Наверное, не следовало этого делать, но Алекс не удержался, прикоснулся к лицу Кэрмита, спровоцировав прилив недоумения и получив очередной изумлённый взгляд.
– Два года.
– Вот. Начало положено. Можно продолжать. Это не так сложно, как кажется.
Он улыбнулся ободряюще, скользнул ладонью по щеке, погладил здоровый уголок губ и поспешил убрать руку, не позволяя себе большего. Зайти дальше положенного было проще простого, но Алексу это казалось неправильным, слишком… Слишком. И на фоне сегодняшнего происшествия, и на фоне своих недавних размышлений о мести.

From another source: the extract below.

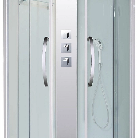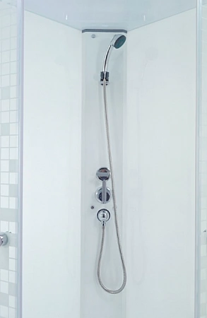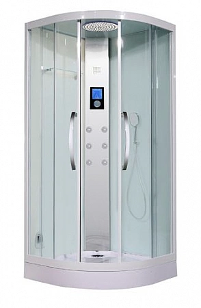 O cabină de duș de colț multifuncțională și foarte confortabilă cu o tavă joasă de la producătorul finlandez Timo. Aici, în spațiul 90x90, există un maxim de setări utile. Aromaterapia și baia turcească sunt excelente pentru relaxare. Două tipuri de hidromasaj vor îndepărta tensiunea și vor încânta iubitorii de viață activă cu o relaxare profundă. Puteți chiar să ascultați CD-urile preferate în cabina de duș. Datorită difuzorului telefonului dvs., nu veți pierde un apel important. Iar radioul și touchpad-ul vă vor face dușul de ploaie de dimineață și mai pozitiv. Cu toate acestea, o astfel de funcționalitate puternică vine cu un preț foarte mare al unei cabine de duș. Dintre micile minusuri, remarcăm lipsa bluetooth-ului și capacitatea de a conecta telefonul la cabină.

– Всё началось с неприятного инцидента за пределами академии, – неохотно признался Кэрмит, застёгивая пуговицы на рубашке, понимая, что Алекс его «благодарностью» так и не воспользуется; в этом было нечто поразительное, поскольку, предлагая, он не сомневался в положительном ответе. – Мои отношения приказали долго жить. Мне казалось, что расставание прошло вполне полюбовно, никаких взаимных обид, никаких упрёков и прочих факторов, омрачающих жизнь. В дальнейшем выяснилось, что такого мнения придерживался только я. Девушка оскорбилась и решила отомстить. Сразу скажу, ей это удалось. То самое видео… Надеюсь, ты никогда его не увидишь и не найдёшь. В сети его нет, диск уничтожен, запись удалена отовсюду, откуда только можно. Любительская постановка, непрофессиональные актёры и почти сломанная жизнь. Так или иначе, но отрицать собственную причастность к этому видео, было, как минимум, нелепо. Все прекрасно видели, что это я блистаю на экране, а не кто-то, безумно на меня похожий. Естественно, что после появления в сети данного порнофильма, отношение многих ко мне изменилось. Общество таких ошибок не прощает. Изгоем я не стал, но уважения, направленного в сторону моей персоны, заметно уменьшилось, а уровень пошлых замечаний повысился. Я не знал, что там были камеры. Я в тот вечер вообще ни черта не соображал, вот и поплатился…
– Возбуждающее?
– Экстази.
– Наркотики, значит… – протянул Алекс, делая пометку напротив пунктика, что давно и прочно занимал мысли. – По собственному желанию принимал или кто помог?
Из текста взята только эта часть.